0

I'm trying to point a subdomain to a different IP address on a different server, but for some reason it's only working every once in awhile (say 1 out of 20 times). Browsing to http//galera.domain.com throws a "took to long to respond" error and changes the URL to https//galera.domain.com.

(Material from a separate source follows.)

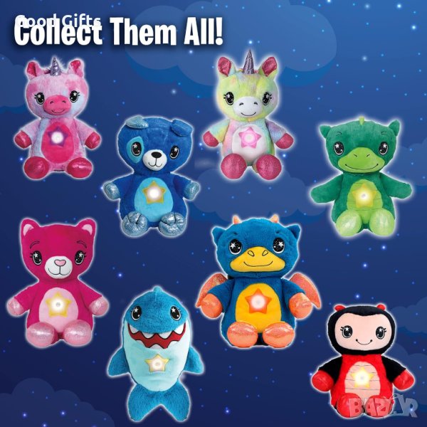 Те са меки и красиви плюшени играчки , които могат да прожектират светещи звездни и забавни форми по стените и тавана на стаята.
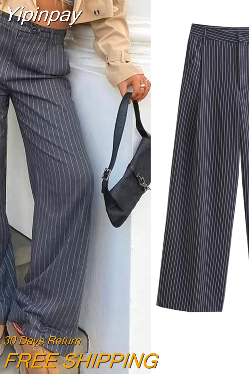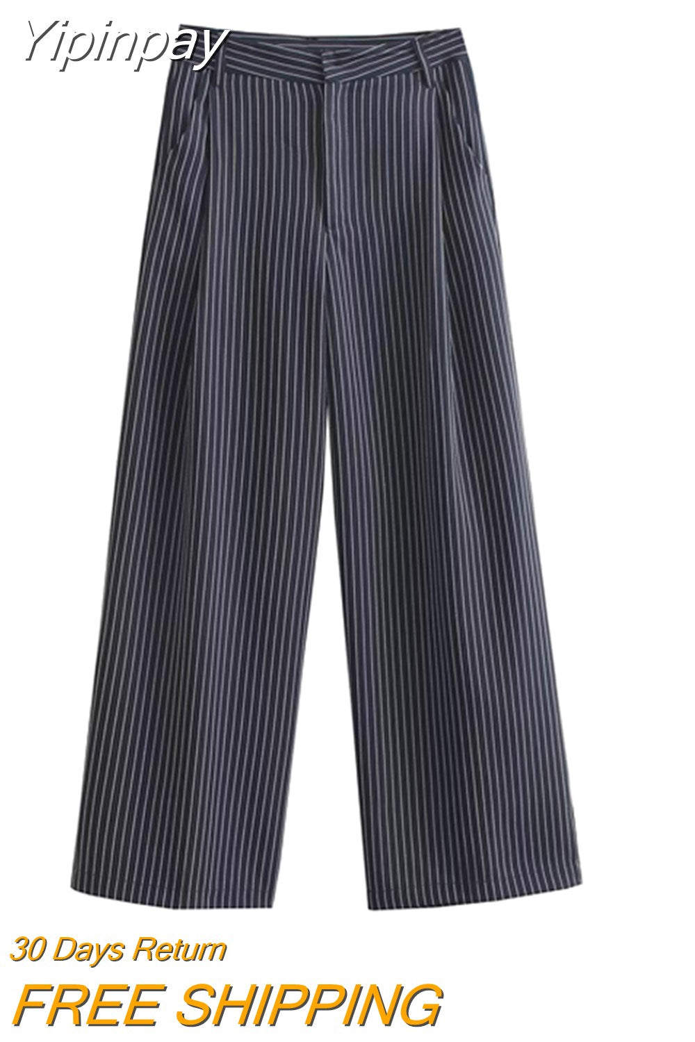 Yipinpay 2023 Fashion Striped Women Wide Leg Pants Female Casual Loose with Zipper Fly Trousers Ladies Mid Waist Chic Elegant Pants

Browsing directly to the IP address works fine all the time.

Here's my current setup:

Server 1 (nginx):
IP_ADDRESS_1 .
HSTS is enabled [Strict Transport Security (max-age=63072000; includeSubdomains)]
DNS for domain.com / www.domain.com points to IP_ADDRESS_1 

server {
    listen 80 default_server;
    listen [::]:80 default_server;
    server_name domain.com www.domain.com;
    return 301 https://$server_name$request_uri;
}

server {

    # SSL configuration
    listen 443 ssl http2 default_server;
    listen [::]:443 ssl http2 default_server;
    include snippets/ssl-domain.com.conf;
    include snippets/ssl-params.conf;

    root /var/www/html;

    index index.php index.html index.htm index.nginx-debian.html;

    server_name domain.com;

    location / {
            try_files $uri $uri/ =404;
    }


    location ~ \.php$ {
            include snippets/fastcgi-php.conf;
            fastcgi_pass unix:/run/php/php7.0-fpm.sock;
    }

    location ~ /\.ht {
            deny all;
    }

}

Here is Server 1's /etc/nginx/snippets/ssl-params.conf file:

ssl_protocols TLSv1 TLSv1.1 TLSv1.2;
ssl_prefer_server_ciphers on;
ssl_ciphers "EECDH+AESGCM:EDH+AESGCM:AES256+EECDH:AES256+EDH";
ssl_ecdh_curve secp384r1;
ssl_session_cache shared:SSL:10m;
ssl_session_tickets off;
ssl_stapling on;
ssl_stapling_verify on;
resolver 8.8.8.8 8.8.4.4 valid=300s;
resolver_timeout 10s;

add_header Strict-Transport-Security "max-age=63072000; includeSubdomains";
add_header X-Frame-Options DENY;
add_header X-Content-Type-Options nosniff;

ssl_dhparam /etc/ssl/certs/dhparam.pem;

Server 2 (galera cluster #1 with phpmyadmin running on apache):
IP_ADDRESS_2
DNS for galera.domain.com points to IP_ADDRESS_2 

<VirtualHost *:80>

    ServerAdmin me@domain.com
    ServerName galera.domain.com
    DocumentRoot /usr/share/phpmyadmin

    ErrorLog ${APACHE_LOG_DIR}/error.log
    CustomLog ${APACHE_LOG_DIR}/access.log combined

</VirtualHost>

Hoping you can all help shed some light on this most likely simple problem.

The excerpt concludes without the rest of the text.